Property crime is by far the most prevalent category in Arvin's recent incident data. Theft (including auto burglary and vehicle theft), residential burglary, and vandalism collectively account for the majority of reported offenses. Violent crime — primarily assault, including domestic-related incidents — occurs at lower but non-trivial rates. Drug-related offenses represent a secondary layer that often intersects with both property and violent crime categories, a pattern common across Kern County agricultural communities. Understanding this breakdown matters: it tells residents that securing vehicles and property is their highest-impact safety action, not avoiding the city altogether.

Which parts of Arvin have the most crime?

The highest concentration of reported incidents clusters around the Bear Mountain Boulevard commercial corridor in central Arvin, where retail activity and vehicle density create more opportunities for theft and vandalism. Purely residential neighborhoods — particularly those near Arvin High School and in the city's northern blocks — show lower incident density on the crime map. Outlying agricultural-adjacent areas on the city's eastern and southern edges tend to have fewer reported incidents but may have longer emergency response times due to their distance from the city center. No single neighborhood is immune to Arvin's C+ overall grade, but risk is meaningfully uneven across the city's footprint.

How does Arvin's crime grade compare to nearby cities?

Arvin's C+ overall crime grade reflects its position as a small agricultural city with significant economic stress — a 32% poverty rate and 9.6% unemployment are well above state and national averages. Within Kern County, Arvin sits in a middle tier: it does not rank among the county's highest-crime cities, but it does not approach the safety grades of more economically stable communities either. Cities with comparable population sizes but lower poverty rates typically earn B or B+ grades. Arvin's affordability — median home value near $176,981 and median rent of $938 — is directly connected to its crime grade; the two metrics tend to move together across California's smaller cities.

Is Arvin a good place to buy a home given the crime rate?

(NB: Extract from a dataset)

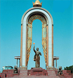 Но не все советские памятники пережили перестройку, независимость, гражданскую войну и национальное примирение так же благополучно. На главной площади Душанбе за это время сменилось три символа, а сама площадь трижды меняла название. В советские времена она, естественно, называлась площадью Ленина и стоял на ней соответствующий памятник. Затем в начале 90-х монумент, как водится, снесли, на его месте воздвигли памятник Фирдоуси, а саму площадь переименовали в площадь Свободы. Но жизнь свободы и памятника великому поэту X-XI веков оказалась недолгой: уже в середине 90-х площадь стала носить имя Сомони (таджикское произношение династии Саманидов, правившей обширной территорией от Каспия до границ современного Китая в IX-X веках), а ее композиционным центром стал памятник одному из императоров династии. Злые языки поговаривают, ручаясь за достоверность информации, что голову памятника лепили с портрета президента Рахмонова. Какое-то сходство уловить действительно можно.

For buyers prioritizing affordability, Arvin's median home value of approximately $176,981 is one of the most accessible price points in California. The C+ crime grade is the corresponding trade-off. Whether that trade-off is acceptable depends on your household's specific circumstances. Buyers who plan to engage with the community, implement standard property-security measures (cameras, motion lighting, secure parking), and choose blocks in lower-incident neighborhoods — such as those near Arvin High School rather than the Bear Mountain Blvd commercial corridor — can meaningfully reduce their personal exposure to the risks that drive the C+ grade. Long-term, Arvin's crime trajectory will likely track its economic development: improvements in employment and poverty rates tend to produce sustained crime reductions over time.

What is Arvin's poverty rate and does it affect crime?

Arvin's poverty rate is 32% — more than double the U.S. national average — and its unemployment rate stands at 9.6%. These figures are directly relevant to its crime profile. Criminological research consistently links elevated poverty and unemployment to higher rates of property crime in particular, as financial desperation increases the incentive for opportunistic theft and burglary. This context does not excuse criminal behavior, but it does explain why Arvin's C+ grade looks the way it does and why community investment in economic opportunity — job training, small business support, educational resources — tends to produce more durable safety improvements than enforcement alone.